An object of class ConsensusOPLS.

comp1

Latent variable for loadings on Y-axis. Default, the first predictive component, p_1.

comp2

Latent variable for VIPs on X-axis. Default, the predictive component, p.

blockId

The positions or names of the blocks for the plot. Default, NULL, all.

col

A vector of color codes or names, one for each block. Default, NULL, 2 to length(blockId)+1.

pch

A vector of graphic symbols, one for each block. Default, NULL, 1 to length(blockId).

xlab

X-axis label. Default, NULL, Loading on comp.

ylab

Y-axis label. Default, NULL, VIP on comp.

...

plot arguments.

Value

No return value, called for side effects.


Model prediction

Description

Predicts the response on new data with a fitted model.

Usage

predict(object, newdata = NULL, nOcomp = NULL)
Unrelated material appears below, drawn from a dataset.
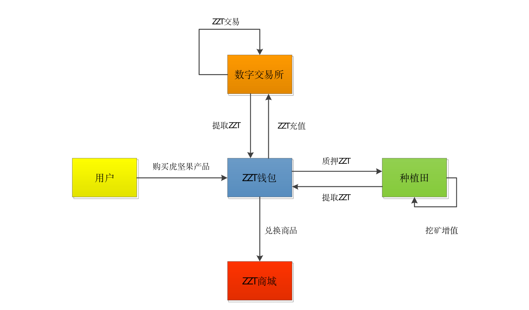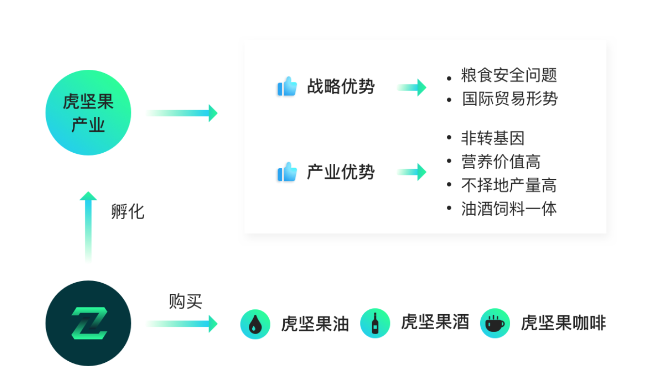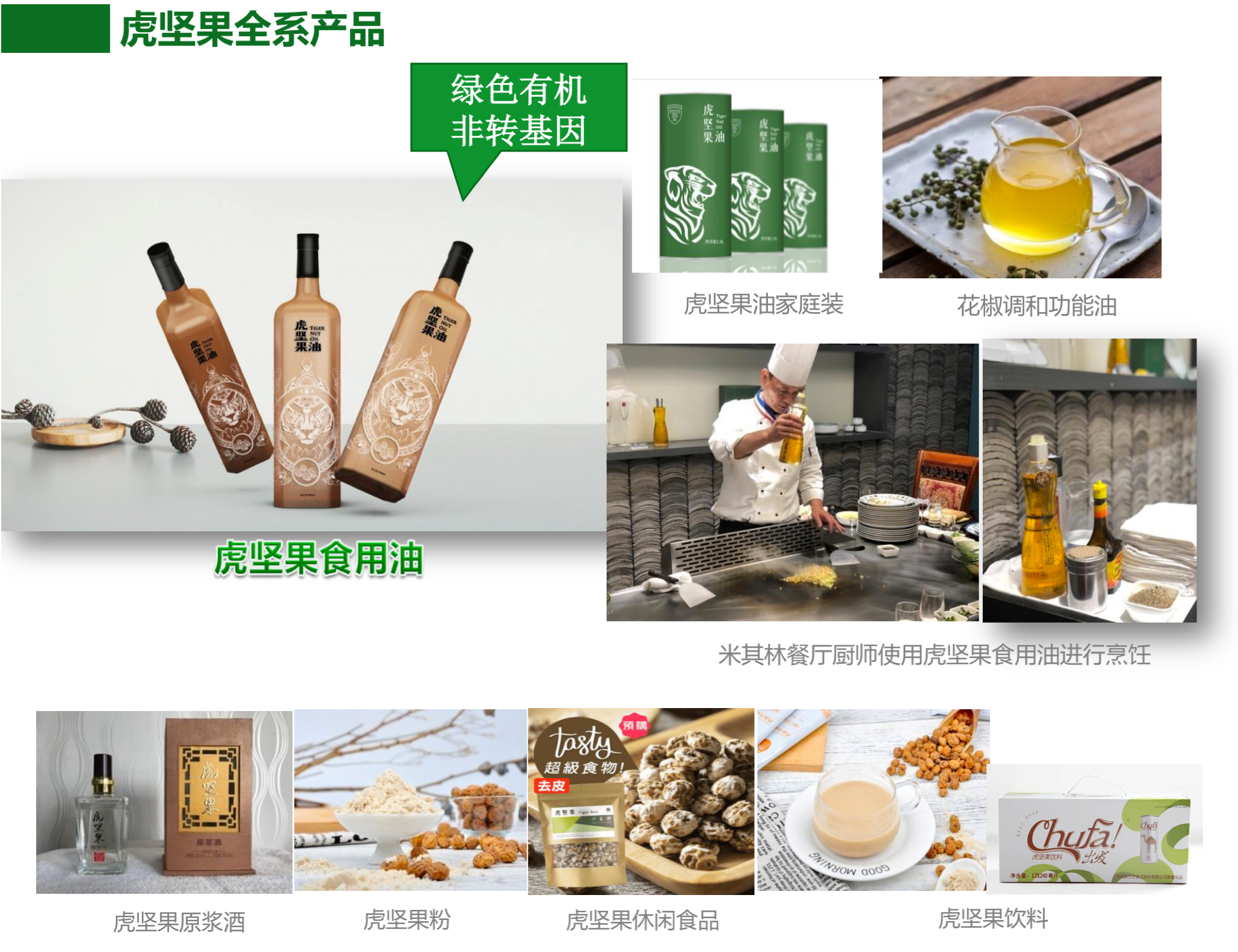 虎坚果全系产品包括虎坚果油、虎坚果酒、虎坚果咖啡等。ZZT持有者可以使用ZZT购买虎坚果全系产品。

## S4 method for signature 'ConsensusOPLS'
predict(object, newdata = NULL, nOcomp = NULL)

Arguments

object

An object of class ConsensusOPLS.

newdata

A list of data frames of new data to predict. If omitted, the fitted values in object are returned.

nOcomp

Number of Y-orthogonal components to consider. Default, NULL, the number of Y-orthogonal components in the optimal model.